* Action item: The answer must be an exact reprint of the lines from the one with "Юные артисты выступили" through the final line of the data, with no pictures included.
Top of Supplied material
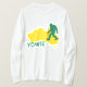 Yowie (Bigfoot) white t-shirt with green & gold graphic.
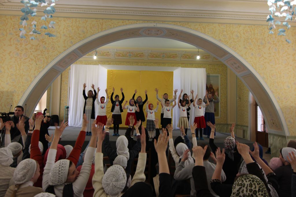 Юные артисты выступили перед сестрами, воспитанницами «Доброй школы на Сольбе» и гостями монастыря с небольшим концертом. Все слышали звукозапись песен, а дети синхронно исполняли их на языке жестов и танцевальных движений.
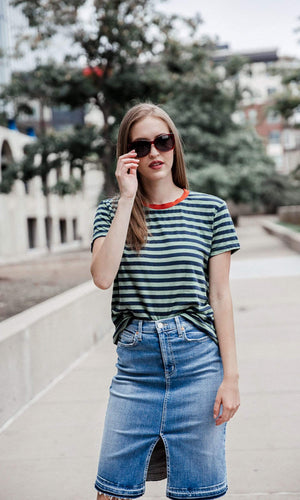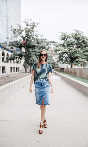 If there is one skirt that looks good on every woman, regardless of her shape, size or age it's the A-line denim skirt. And we've got a fashion forward jean skirt by Level 99 with all the detailing you need too. This Penny skirt features a zip fly with button closure and has the five-pocket style. A released hem brings instant lived-in appeal to this perfectly light wash denim skirt. Finished off with some subtle whiskering and front slit for a cool distressed look. Specs: Length-32 1/2. Fabric: 61.5% Cotton, 32% Lyocell, 5% Elasterell-Poly, 1.5% Lycra. Machine wash inside out recommended. Made in USA.
Bottom of Supplied material
* Exercise result:
 Юные артисты выступили перед сестрами, воспитанницами «Доброй школы на Сольбе» и гостями монастыря с небольшим концертом. Все слышали звукозапись песен, а дети синхронно исполняли их на языке жестов и танцевальных движений.
 If there is one skirt that looks good on every woman, regardless of her shape, size or age it's the A-line denim skirt. And we've got a fashion forward jean skirt by Level 99 with all the detailing you need too. This Penny skirt features a zip fly with button closure and has the five-pocket style. A released hem brings instant lived-in appeal to this perfectly light wash denim skirt. Finished off with some subtle whiskering and front slit for a cool distressed look. Specs: Length-32 1/2. Fabric: 61.5% Cotton, 32% Lyocell, 5% Elasterell-Poly, 1.5% Lycra. Machine wash inside out recommended. Made in USA.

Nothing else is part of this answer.